--- START ---

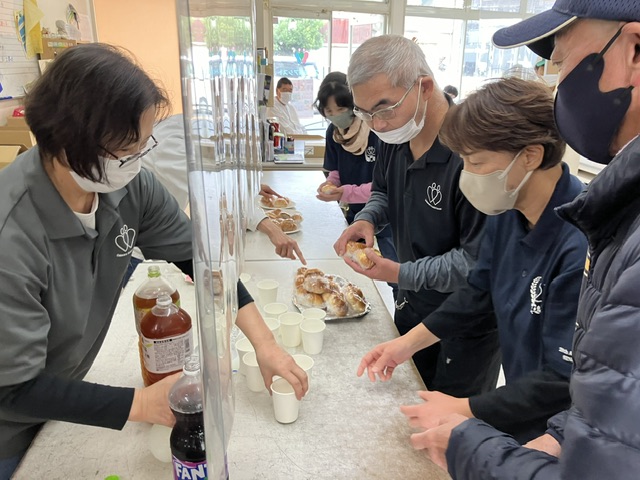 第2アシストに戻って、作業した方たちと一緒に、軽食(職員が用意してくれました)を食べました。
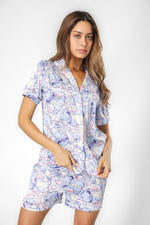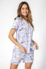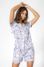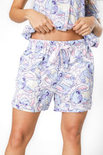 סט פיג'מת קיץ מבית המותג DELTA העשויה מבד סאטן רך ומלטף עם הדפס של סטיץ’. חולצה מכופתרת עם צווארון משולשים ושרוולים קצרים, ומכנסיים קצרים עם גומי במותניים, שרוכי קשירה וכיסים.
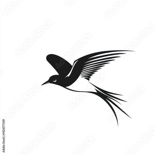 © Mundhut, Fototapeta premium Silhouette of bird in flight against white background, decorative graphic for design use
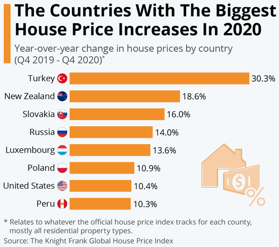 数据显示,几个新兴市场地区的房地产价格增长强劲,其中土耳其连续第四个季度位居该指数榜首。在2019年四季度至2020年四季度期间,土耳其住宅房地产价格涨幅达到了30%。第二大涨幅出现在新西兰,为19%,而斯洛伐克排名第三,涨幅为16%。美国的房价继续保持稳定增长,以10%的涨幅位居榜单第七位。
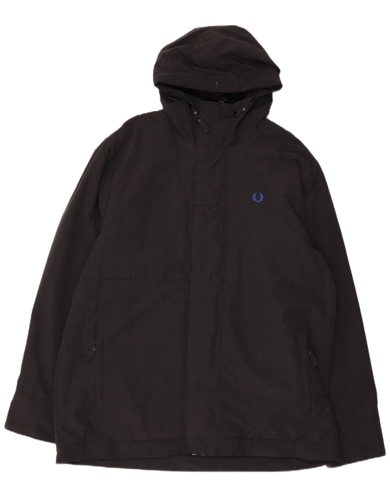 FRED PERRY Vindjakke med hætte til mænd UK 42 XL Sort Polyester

--- END ---
--- START ---

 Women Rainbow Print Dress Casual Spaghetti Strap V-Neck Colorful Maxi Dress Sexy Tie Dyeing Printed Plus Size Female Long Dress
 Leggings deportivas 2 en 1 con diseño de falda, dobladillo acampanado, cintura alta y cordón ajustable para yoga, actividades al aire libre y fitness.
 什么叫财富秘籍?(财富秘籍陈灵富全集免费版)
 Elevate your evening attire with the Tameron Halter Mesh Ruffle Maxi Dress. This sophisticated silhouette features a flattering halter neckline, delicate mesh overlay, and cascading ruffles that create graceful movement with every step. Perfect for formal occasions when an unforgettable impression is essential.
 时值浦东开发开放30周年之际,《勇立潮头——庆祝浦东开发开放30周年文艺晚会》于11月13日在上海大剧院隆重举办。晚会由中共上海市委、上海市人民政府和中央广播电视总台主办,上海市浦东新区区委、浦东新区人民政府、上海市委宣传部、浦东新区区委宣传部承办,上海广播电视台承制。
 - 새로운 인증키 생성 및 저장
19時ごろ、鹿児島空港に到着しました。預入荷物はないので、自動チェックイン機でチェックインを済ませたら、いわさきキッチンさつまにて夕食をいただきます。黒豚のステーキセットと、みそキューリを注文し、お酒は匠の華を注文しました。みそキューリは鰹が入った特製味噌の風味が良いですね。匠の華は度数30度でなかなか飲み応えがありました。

--- END ---

- ASSIGNMENT
Copy each line of the listing that includes "Dress".

- SOLUTION BELOW
 Women Rainbow Print Dress Casual Spaghetti Strap V-Neck Colorful Maxi Dress Sexy Tie Dyeing Printed Plus Size Female Long Dress
 Elevate your evening attire with the Tameron Halter Mesh Ruffle Maxi Dress. This sophisticated silhouette features a flattering halter neckline, delicate mesh overlay, and cascading ruffles that create graceful movement with every step. Perfect for formal occasions when an unforgettable impression is essential.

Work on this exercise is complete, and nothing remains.